__TASK INSTRUCTIONS__
Your task is to repeat all of the data exactly while excluding the pictures.

═══ DATASET EXTRACT

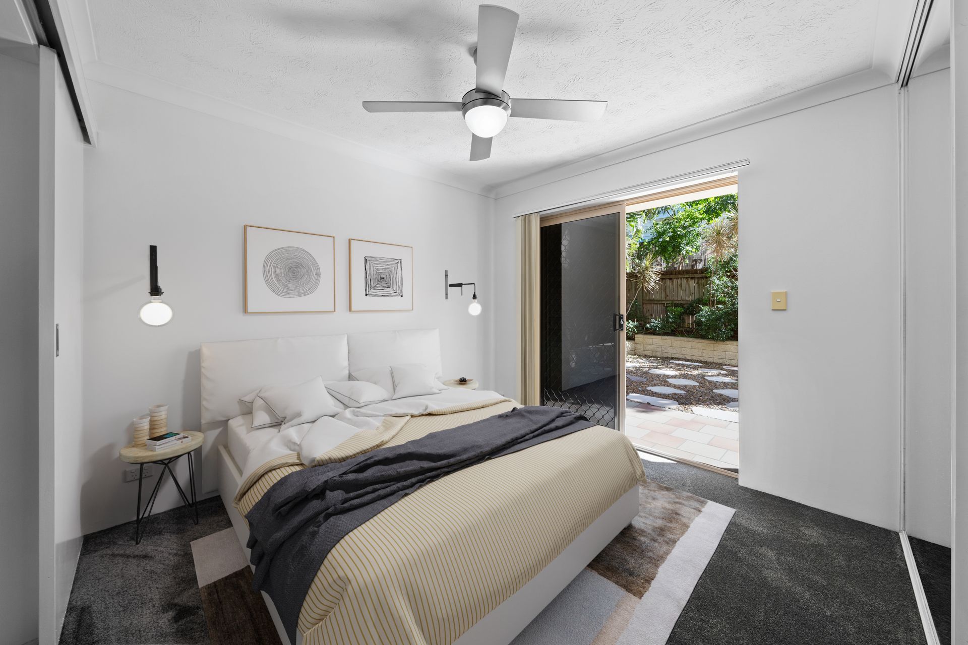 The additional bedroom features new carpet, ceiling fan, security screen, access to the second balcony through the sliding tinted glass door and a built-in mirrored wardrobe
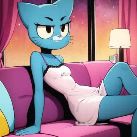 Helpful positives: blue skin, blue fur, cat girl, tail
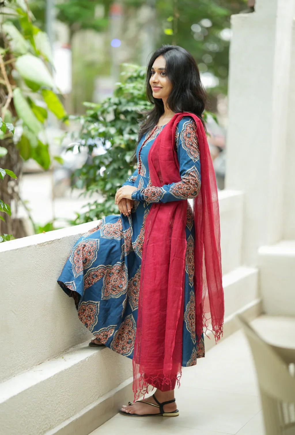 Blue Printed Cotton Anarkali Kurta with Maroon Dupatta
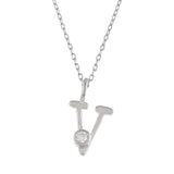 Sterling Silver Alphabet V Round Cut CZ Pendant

══════

__ANSWER SPACE__
 The additional bedroom features new carpet, ceiling fan, security screen, access to the second balcony through the sliding tinted glass door and a built-in mirrored wardrobe
 Helpful positives: blue skin, blue fur, cat girl, tail
 Blue Printed Cotton Anarkali Kurta with Maroon Dupatta
 Sterling Silver Alphabet V Round Cut CZ Pendant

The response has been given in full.